Hem/Onc Round-up: Gene Therapy in Thalassemia Treatment, Gut Bacteria and Breast Cancer, Combo Breast Cancer Treatment, and More

Here are the top stories covered by DocWire News this week in the Hematology & Oncology section. This week, a study found a correlation between gut microbiome and the spread of breast cancer, researchers found that gene therapy may be an effective treatment strategy in thalassemia, and more.

Gut bacteria may be closely linked to breast cancer metastasis, according to a study published in Cancer Research. The researchers manipulated the natural gut bacteria in rodent models with hormone receptor-positive (HR+) breast cancer to cause inflammation systemically and within the mammary tissue. This inflammation allowed tumor cells to spread from the tissue throughout the blood and lungs. According to study author Melanie Rutkowski, PhD, this is a major HR+ metastasis site. The findings are significant because the majority of breast cancers (at least 65%) are HR+. While the study was limited due to its use of animal models, the researchers suggested that an unhealthy gut microbiome could be a risk factor for invasive or metastatic breast cancer. Lifestyle modifications like maintaining a healthy diet, exercising, and getting enough sleep could help humans achieve a healthy microbiome.

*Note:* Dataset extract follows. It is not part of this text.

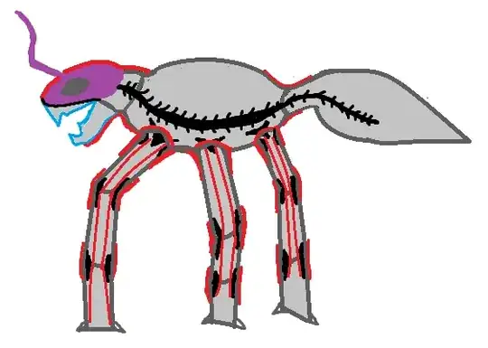 Next a crude scheme with something like a giant generic insect, about how this could look, practically an internal rigid support shown in black which could be considered a spine or column as internal muscle anchor point, the column would be directly conected with the "braincase" and specific parts of the body in which some muscle and skin is over the exoekeleton together with the internal muscles to improve the strenght.

Gene therapy could be an effective treatment for thalassemia, researchers have found. The results of the study were presented at the 24th Congress of European Hematology Association (EHA) by Dr. Antonella Nai of the San Raffaele Scientific Institute in Milan, Italy. Dr. Nai and colleagues combined two experimental approaches to treat thalassemia in a mouse model. They first used TMPRSS6 gene-specific antisense oligonucleotides (ASOs) to decrease excess iron. Second, they deleted the TFR2 gene in the bone marrow using gene therapy. This increases erythropoietin sensitivity in the bone marrow cells and improves red blood cell production. This two-pronged approach significantly improved anemia and increased red blood cell and hemoglobin concentrations in the mouse model. Dr. Nai noted that the treatment holds promise for some patients—notably younger patients—but also comes at a high cost.

A study published in JAMA Oncology found treating advanced metastatic triple-negative breast cancer (TNBC) with combination niraparib (ZEJULA) and pembrolizumab (KEYTRUDA) may be effective. The study included 55 patients with advanced or metastatic TNBC who received 200 mg of niraparib orally once daily in conjunction with 200 mg of intravenous pembrolizumab on day one of a series of 21-day cycles. The primary outcome was patients’ objective response rate (ORR) per the Response Evaluation Criteria in Solid Tumors, version one. One of the secondary outcomes was disease control rate (DCR; complete response plus partial response plus stable disease). Five patients had confirmed complete responses, five had confirmed partial responses, 13 had stable disease, and 24 had progressive disease. Among the 47 efficacy-evaluable patients, ORR comprised 10 patients and DCR included 23 patients. Out of 15 evaluable patients with tumor BRCA mutations, ORR and DCR included seven and 12 patients, respectively.

Potent inhibitors of NADK (NAD Kinase) maybe be able to not only enhance the treatment of T-cell acute lymphoblastic leukemia (T-ALL) but also minimize side effects, a new study concluded. The results were presented at the 24th Congress of the EHA and published in Blood. The study team used CRISPR-Cas9 technology to screen T-ALL cell lines with NOTCH1 overexpression or mutation, and in a cell line not dependent on NOTCH1. This allowed them to identify 69 NOTCH-specific genes as well as a group connected to reduction of reactive oxygen species (ROS). They focused on the NADK gene. Once NADP+ is reduced to form NADPH, it can then reduce ROS levels by creating reduced Glutathione. The researchers found that the NOTCH1-driven T-ALL cells create large quantities of ROS, and that NOTCH1 signals NADK to protect the cells from these ROS, allowing proliferation and cancer growth. When inhibiting NADK, ROS levels in NOTCH1-driven cells increased, ultimately leading to significant decreases in cell proliferation.